In some use cases, real-time inference requests can be grouped in small batches for batch processing to create real-time or near-real-time responses. For example, if you need to process a continuous stream of data with low latency and high throughput, invoking a real-time endpoint for each request separately would require more resources and can take longer to process all the requests because the processing is being done serially. A better approach would be to group some of the requests and call the real-time endpoint in batch inference mode, which processes your requests in one forward pass of the model and returns the bulk response for the request in real time or near-real time. The latency of the response will depend upon how many requests you group together and instance memory size, therefore you can tune the batch size per your business requirements for latency and throughput. We call this real-time batch inference because it combines the concept of batching while still providing real-time responses. With real-time batch inference, you can achieve a balance between low latency and high throughput, enabling you to process large volumes of data in a timely and efficient manner.

Jumpstart batch transform for Text2Text Generation models allows you to pass the batch hyperparameters through environment variables that further increase throughput and minimize latency.

JumpStart provides pretrained, open-source models for a wide range of problem types to help you get started with machine learning (ML). You can incrementally train and tune these models before deployment. JumpStart also provides solution templates that set up infrastructure for common use cases, and executable example notebooks for ML with Amazon SageMaker. You can access the pre-trained models, solution templates, and examples through the JumpStart landing page in Amazon SageMaker Studio. You can also access JumpStart models using the SageMaker Python SDK.

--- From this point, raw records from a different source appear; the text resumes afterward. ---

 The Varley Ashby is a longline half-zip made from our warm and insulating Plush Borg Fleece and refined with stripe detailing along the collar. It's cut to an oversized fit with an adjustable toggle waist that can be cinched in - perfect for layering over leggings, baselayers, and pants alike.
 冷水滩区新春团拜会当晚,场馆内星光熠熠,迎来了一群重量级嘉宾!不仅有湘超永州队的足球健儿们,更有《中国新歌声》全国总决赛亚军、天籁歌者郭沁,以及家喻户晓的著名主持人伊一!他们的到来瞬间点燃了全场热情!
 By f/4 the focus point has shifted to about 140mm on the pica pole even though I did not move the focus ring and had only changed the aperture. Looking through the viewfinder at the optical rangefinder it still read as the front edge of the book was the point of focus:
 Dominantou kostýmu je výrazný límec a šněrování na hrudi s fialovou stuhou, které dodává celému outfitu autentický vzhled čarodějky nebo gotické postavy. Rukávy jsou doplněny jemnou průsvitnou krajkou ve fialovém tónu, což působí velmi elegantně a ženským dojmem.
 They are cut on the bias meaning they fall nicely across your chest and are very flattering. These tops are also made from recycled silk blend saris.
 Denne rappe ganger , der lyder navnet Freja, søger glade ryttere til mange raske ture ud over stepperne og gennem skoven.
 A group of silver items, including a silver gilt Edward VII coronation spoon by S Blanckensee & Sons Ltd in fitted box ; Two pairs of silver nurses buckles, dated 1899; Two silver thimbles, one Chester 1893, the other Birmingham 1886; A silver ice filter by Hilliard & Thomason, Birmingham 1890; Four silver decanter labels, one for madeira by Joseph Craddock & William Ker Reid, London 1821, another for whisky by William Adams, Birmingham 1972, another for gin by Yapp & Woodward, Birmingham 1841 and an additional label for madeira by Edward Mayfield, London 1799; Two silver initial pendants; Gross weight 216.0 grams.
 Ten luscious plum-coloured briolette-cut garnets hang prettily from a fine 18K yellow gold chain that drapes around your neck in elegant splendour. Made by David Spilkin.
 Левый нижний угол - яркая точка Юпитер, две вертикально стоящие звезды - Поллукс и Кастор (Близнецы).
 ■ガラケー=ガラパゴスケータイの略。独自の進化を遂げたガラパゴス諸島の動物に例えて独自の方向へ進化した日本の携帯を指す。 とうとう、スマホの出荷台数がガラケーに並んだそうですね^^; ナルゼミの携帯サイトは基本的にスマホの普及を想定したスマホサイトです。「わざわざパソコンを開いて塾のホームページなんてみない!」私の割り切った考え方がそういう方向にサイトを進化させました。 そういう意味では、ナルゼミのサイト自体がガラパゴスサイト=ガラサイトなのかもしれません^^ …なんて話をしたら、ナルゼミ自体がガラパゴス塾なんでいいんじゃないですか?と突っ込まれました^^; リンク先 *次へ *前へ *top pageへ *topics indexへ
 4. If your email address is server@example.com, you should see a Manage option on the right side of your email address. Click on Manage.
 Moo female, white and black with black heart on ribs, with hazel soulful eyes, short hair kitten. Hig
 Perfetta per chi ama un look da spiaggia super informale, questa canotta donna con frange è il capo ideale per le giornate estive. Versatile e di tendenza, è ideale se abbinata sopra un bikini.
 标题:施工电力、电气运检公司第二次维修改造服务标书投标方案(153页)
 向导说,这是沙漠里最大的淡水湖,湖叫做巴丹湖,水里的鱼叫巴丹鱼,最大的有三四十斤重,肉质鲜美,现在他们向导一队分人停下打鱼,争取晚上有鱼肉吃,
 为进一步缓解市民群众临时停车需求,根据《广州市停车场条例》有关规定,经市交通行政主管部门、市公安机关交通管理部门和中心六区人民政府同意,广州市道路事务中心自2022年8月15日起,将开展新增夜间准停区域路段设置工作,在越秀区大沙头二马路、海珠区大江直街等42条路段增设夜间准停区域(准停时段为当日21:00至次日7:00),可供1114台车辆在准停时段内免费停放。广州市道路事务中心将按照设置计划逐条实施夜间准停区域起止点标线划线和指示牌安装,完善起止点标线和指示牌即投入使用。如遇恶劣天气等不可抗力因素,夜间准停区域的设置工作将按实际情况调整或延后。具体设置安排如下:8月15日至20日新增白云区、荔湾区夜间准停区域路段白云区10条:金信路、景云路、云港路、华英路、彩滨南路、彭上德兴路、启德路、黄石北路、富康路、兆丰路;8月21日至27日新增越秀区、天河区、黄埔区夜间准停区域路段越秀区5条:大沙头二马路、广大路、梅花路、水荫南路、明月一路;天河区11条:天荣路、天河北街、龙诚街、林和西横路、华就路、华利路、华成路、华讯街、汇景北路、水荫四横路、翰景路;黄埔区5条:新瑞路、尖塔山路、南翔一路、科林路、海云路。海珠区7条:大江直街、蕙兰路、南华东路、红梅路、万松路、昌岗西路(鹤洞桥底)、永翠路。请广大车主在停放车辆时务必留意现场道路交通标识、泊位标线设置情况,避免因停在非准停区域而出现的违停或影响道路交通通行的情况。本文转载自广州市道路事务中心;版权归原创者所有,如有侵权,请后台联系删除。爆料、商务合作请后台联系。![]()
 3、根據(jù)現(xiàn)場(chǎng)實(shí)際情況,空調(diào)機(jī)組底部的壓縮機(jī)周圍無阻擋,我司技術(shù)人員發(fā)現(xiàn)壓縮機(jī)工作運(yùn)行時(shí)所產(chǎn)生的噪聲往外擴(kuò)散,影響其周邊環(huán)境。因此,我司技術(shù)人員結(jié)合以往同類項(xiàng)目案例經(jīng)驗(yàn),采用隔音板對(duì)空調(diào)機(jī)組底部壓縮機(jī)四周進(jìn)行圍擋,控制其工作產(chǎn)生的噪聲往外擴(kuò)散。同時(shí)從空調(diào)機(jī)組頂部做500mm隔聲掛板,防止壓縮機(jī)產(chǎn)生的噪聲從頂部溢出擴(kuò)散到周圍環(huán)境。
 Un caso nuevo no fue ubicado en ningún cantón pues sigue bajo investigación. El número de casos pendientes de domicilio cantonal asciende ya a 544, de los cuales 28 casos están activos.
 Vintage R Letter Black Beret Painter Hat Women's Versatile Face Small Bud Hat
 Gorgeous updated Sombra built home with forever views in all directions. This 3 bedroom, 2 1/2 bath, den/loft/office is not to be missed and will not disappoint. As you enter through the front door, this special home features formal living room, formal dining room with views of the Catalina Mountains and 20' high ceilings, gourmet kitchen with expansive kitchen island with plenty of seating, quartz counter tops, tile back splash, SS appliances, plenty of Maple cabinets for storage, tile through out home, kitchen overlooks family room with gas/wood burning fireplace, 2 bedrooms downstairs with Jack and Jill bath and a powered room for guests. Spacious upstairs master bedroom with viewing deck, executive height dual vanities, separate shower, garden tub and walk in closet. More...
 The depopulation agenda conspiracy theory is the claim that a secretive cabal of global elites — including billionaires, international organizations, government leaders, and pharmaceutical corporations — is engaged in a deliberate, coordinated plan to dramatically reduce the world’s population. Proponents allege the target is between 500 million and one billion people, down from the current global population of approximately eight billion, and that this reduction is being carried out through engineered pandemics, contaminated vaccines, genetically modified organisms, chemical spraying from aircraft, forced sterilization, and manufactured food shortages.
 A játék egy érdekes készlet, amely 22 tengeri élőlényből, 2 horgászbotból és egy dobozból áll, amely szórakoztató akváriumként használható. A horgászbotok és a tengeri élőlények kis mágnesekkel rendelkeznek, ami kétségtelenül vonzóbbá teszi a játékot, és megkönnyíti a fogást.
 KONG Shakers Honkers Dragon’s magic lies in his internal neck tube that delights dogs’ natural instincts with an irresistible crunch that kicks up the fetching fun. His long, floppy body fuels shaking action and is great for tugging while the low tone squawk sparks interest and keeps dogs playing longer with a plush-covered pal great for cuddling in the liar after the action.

In this post, we demonstrate how to use the state-of-the-art pre-trained text2text FLAN T5 models from Hugging Face for batch transform and real-time batch inference.

Solution overview

The notebook showing batch transform of pre-trained Text2Text FLAN T5 models from Hugging Face in available in the following GitHub repository. This notebook uses data from the Hugging Face cnn_dailymail dataset for a text summarization task using the SageMaker SDK.

The following are the key steps for implementing batch transform and real-time batch inference:

Set up prerequisites.
Select a pre-trained model.
Retrieve artifacts for the model.
Specify batch transform job hyperparameters.
Prepare data for the batch transform.
Run the batch transform job.
Evaluate the summarization using a ROUGE (Recall-Oriented Understudy for Gisting Evaluation) score.
Perform real-time batch inference.

Set up prerequisites

Before you run the notebook, you must complete some initial setup steps. Let’s set up the SageMaker execution role so it has permissions to run AWS services on your behalf:

sagemaker_session = Session()
aws_role = sagemaker_session.get_caller_identity_arn()
aws_region = boto3.Session().region_name
sess = sagemaker.Session()

Select a pre-trained model

We use the huggingface-text2text-flan-t5-large model as a default model. Optionally, you can retrieve the list of available Text2Text models on JumpStart and choose your preferred model. This method provides a straightforward way to select different model IDs using same notebook. For demonstration purposes, we use the huggingface-text2text-flan-t5-large model:

model_id, model_version, = (
"huggingface-text2text-flan-t5-large",
"*",
)

Retrieve artifacts for the model

With SageMaker, we can perform inference on the pre-trained model, even without fine-tuning it first on a new dataset. We start by retrieving the deploy_image_uri, deploy_source_uri, and model_uri for the pre-trained model:

inference_instance_type = "ml.p3.2xlarge"

# Retrieve the inference docker container uri. This is the base HuggingFace container image for the default model above.
deploy_image_uri = image_uris.retrieve(
region=None,
framework=None, # automatically inferred from model_id
image_scope="inference",
model_id=model_id,
model_version=model_version,
instance_type=inference_instance_type,
)

# Retrieve the model uri.
model_uri = model_uris.retrieve(
model_id=model_id, model_version=model_version, model_scope="inference"
)

#Create the SageMaker model instance
model = Model(
image_uri=deploy_image_uri,
model_data=model_uri,
role=aws_role,
predictor_cls=Predictor)

Specify batch transform job hyperparameters

You may pass any subset of hyperparameters as environment variables to the batch transform job. You can also pass these hyperparameters in a JSON payload. However, if you’re setting environment variables for hyperparameters like the following code shows, then the advanced hyperparameters from the individual examples in the JSON lines payload will not be used. If you want to use hyperparameters from the payload, you may want to set the hyper_params_dict parameter as null instead.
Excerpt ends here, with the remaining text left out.